- _Problem details_
Show me each line of the listing below where the word "that" appears.

- _Extracted entries_
----
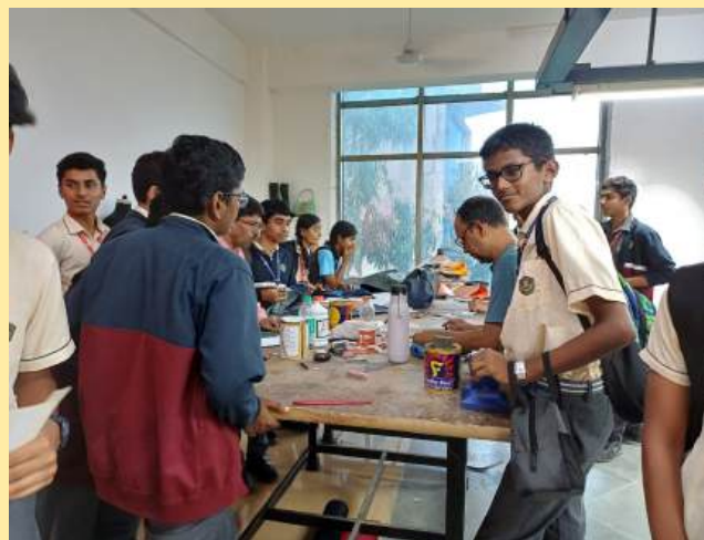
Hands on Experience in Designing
----
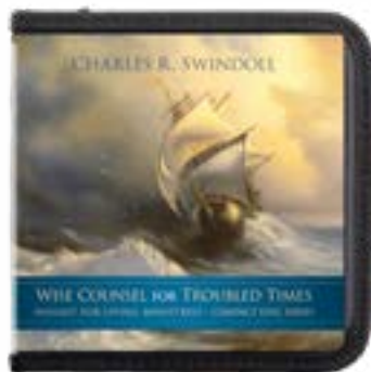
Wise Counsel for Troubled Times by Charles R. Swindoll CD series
----
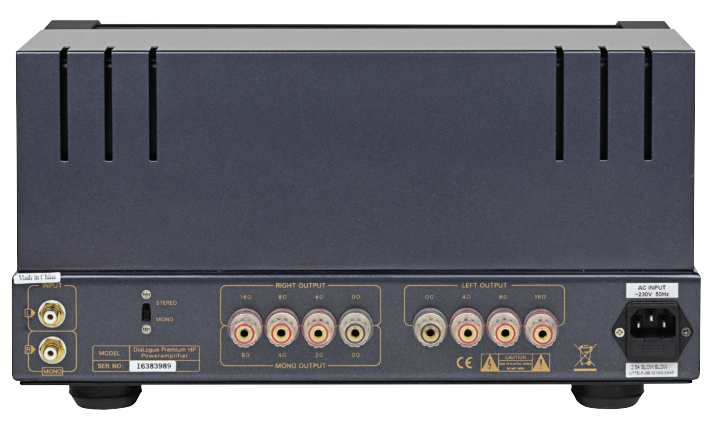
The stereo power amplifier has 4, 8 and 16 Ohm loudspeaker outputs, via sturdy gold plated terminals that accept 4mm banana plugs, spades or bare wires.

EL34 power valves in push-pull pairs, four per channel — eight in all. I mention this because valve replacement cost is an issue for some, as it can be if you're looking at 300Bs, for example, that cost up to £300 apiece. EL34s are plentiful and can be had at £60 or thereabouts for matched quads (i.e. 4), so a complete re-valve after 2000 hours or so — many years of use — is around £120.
----
- _Your response_
The stereo power amplifier has 4, 8 and 16 Ohm loudspeaker outputs, via sturdy gold plated terminals that accept 4mm banana plugs, spades or bare wires.
EL34 power valves in push-pull pairs, four per channel — eight in all. I mention this because valve replacement cost is an issue for some, as it can be if you're looking at 300Bs, for example, that cost up to £300 apiece. EL34s are plentiful and can be had at £60 or thereabouts for matched quads (i.e. 4), so a complete re-valve after 2000 hours or so — many years of use — is around £120.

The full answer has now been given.